Представить себе, что и Вера идет по шатким следам материнским, равнялось тому, чтобы взять и поджечь свой собственный фартук, а с фартуком – волосы. Возникнет боль адская и нестерпимая. Поэтому бабушка не обобщала и насмерть боялась любых обобщений. Зато она к слову сказала Ларисе, что Вера, похоже, больна, как отец. Такие же вот настроения мрачные, депрессия, слабость, и нужно лечить.

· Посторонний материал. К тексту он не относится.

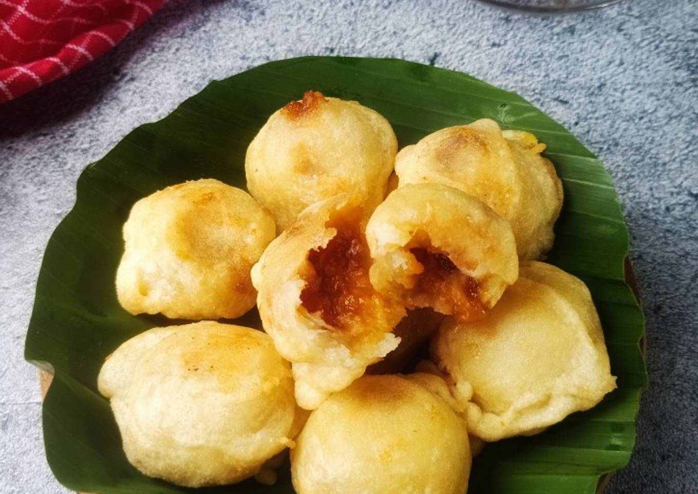 - Pipihkan adonan lalu masukan bahan isi,bulatkan jika dirasa lengket taburi tebung atau olesi sedikit minyak di telapak tangan
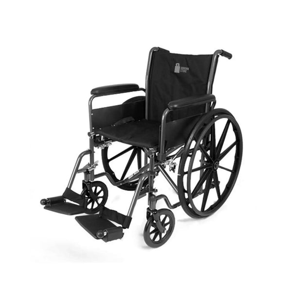 The standard wheelchair is a type of wheelchair that is designed to provide basic mobility assistance for people with mobility impairments. It typically has a metal frame with four wheels, a seat, a backrest, footrests, and armrests. The user sits in the seat, places their feet on the footrests, and uses their arms to maneuver the chair.
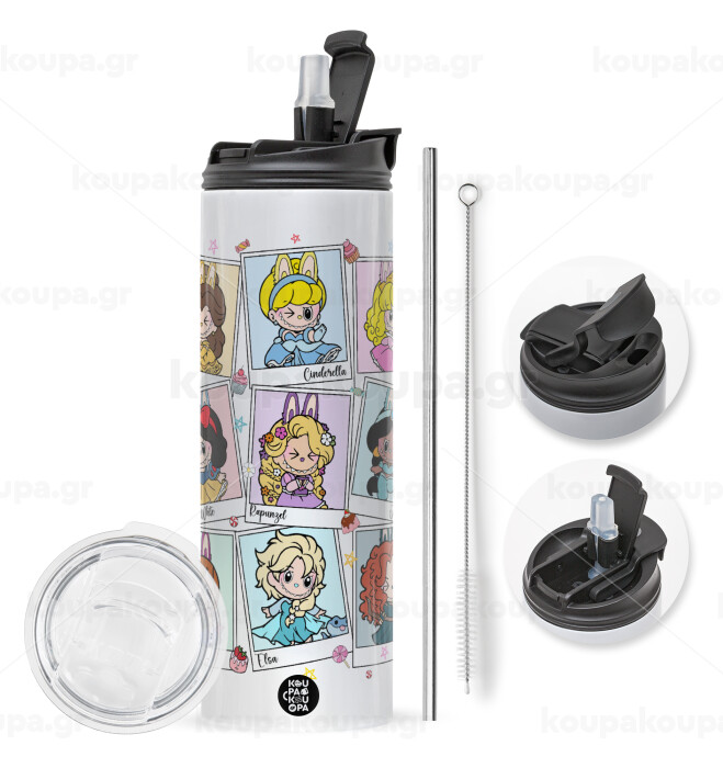 Labubu characters, Travel Tumbler 2 Lids, with metal straw & cleaning brush (Stainless steel 304 Food grade, BPA free, 600ml)
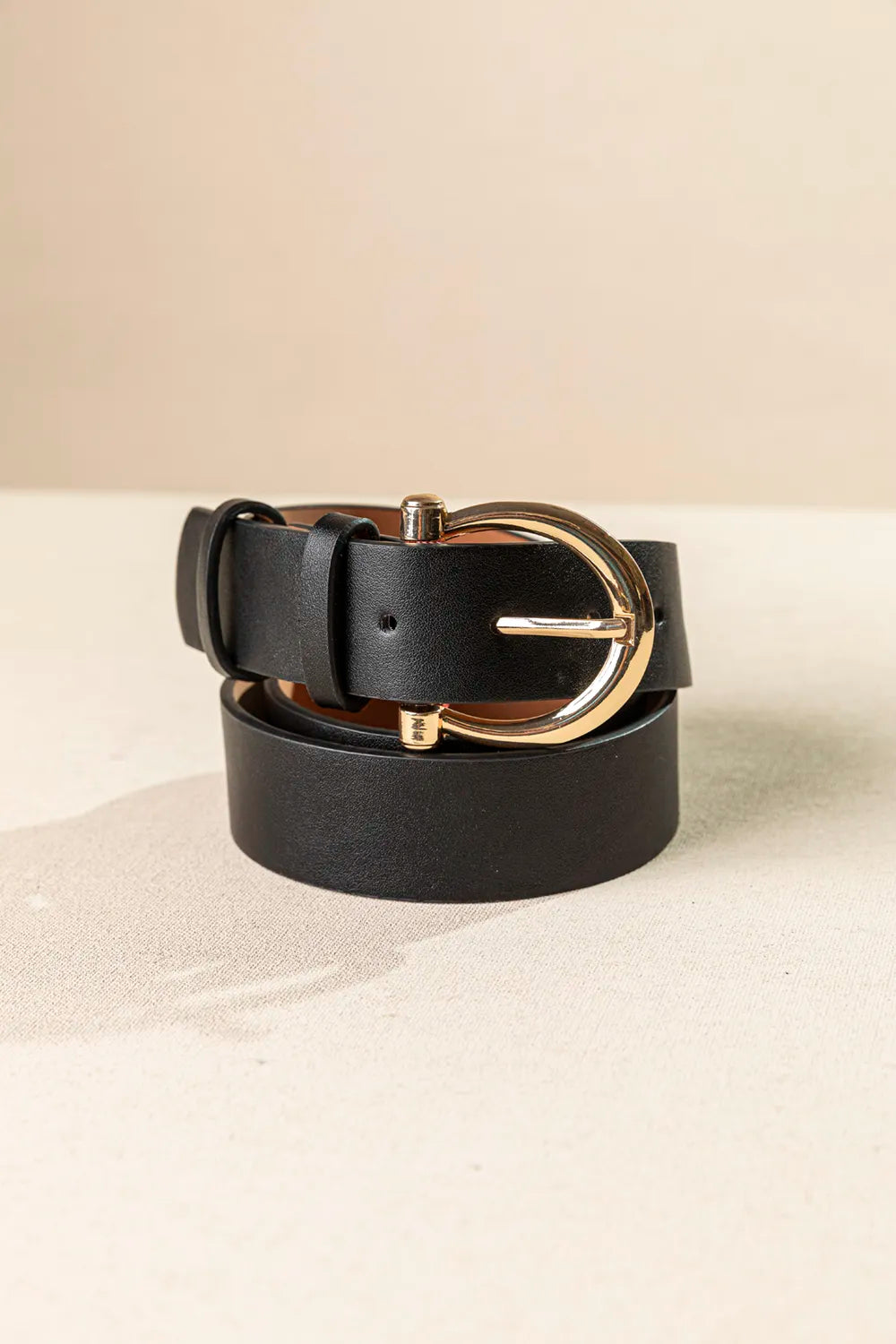 Ζώνη με στρογγυλή χρυσή πόρπη από την FRAGOLA - το chic αξεσουάρ που προσθέτει refined elegance! Συνθετικό δέρμα σε μαύρο χρώμα, κλασική γραμμή και statement στρογγυλή χρυσή πόρπη με minimal σχεδιασμό. Το versatile κομμάτι που ταιριάζει σε κάθε εμφάνιση!
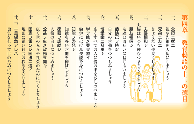 前半は、明治23年10月30日の教育勅語発布当時の、芳川顕正文部大臣、山縣有朋総理大臣、石井昇一郎岩手県知事の談話を中心とした教育勅語成立史の解説。後半は青少年にも内容が理解できるように教育勅語の詳しい現代語訳と、カラー版で天照大神、神武天皇、仁徳天皇などの事例をとり入れて解説してあります。

– Когда ты заметила? – дочь побелела.

– Да месяца два уже, если не три, – ответила мать.


В институте имени Бурденко у миловидной, хотя и замученной жизнью с Марком Переслени Ларисы Генриховны работал друг ее детства и юности профессор Аксаков, Иван Ипполитович, когда-то давно проживавший с ней рядом, в соседней квартире. Их роман, полный огромных букетов сирени и крохотных букетиков ландышей, которыми десятиклассник Ваня Аксаков забрасывал Лару Поспелову, продолжался всего один месяц, когда во всю силу цветет и сияет сирень, кружа головы и Подмосковью, и даже чванливой столице, но ландыши ей не уступают в своей популярности. Ваня Аксаков обломал сирень со всех дачных участков Загорянки, где он готовился к выпускным экзаменам. С Ларисой, заваленной этой сиренью, они целовались под запах ее, как люди целуются только под музыку. Дальше поцелуев дело не пошло, поскольку (сказала же я!) шли экзамены, и Лара готовилась на философский, а Ваня большими шагами спешил в объятья родной медицины, отставшей слегка от прогнившего Запада. Любовь их завяла, увы, оттого, что хитрый и наглый юнец Переслени заметил Ларису на Чистых прудах. Наставшее утро застало их вместе, уже, разумеется, не на прудах, а на Воробьевых горах, где бывает, что и удается приткнуться в кусты и там провести свою первую ночку. Веселый невыспавшийся Переслени пел прямо с колен бывшей девушки Лары, поскольку лежала его голова как раз на коленях ее в это утро.

Я встретил девушку,

Па-а-а-лумесяцем бровь,

На щечке-е-е родинка,

А в глазах лю-ю-ю-бовь…[1]

И Лара смеялась и плакала горько. От счастья ведь плачут, не только смеются.

Ваня Аксаков, в прилипших к его потной спине лиловых соцветьях – сирень осыпалась, – звонил и звонил, а Ларочка не подходила. Тогда он, все с той же сиренью в руках, и в тех же ее лепестках на спине, и с запахом той же сирени под мышками, примчался к ней в город.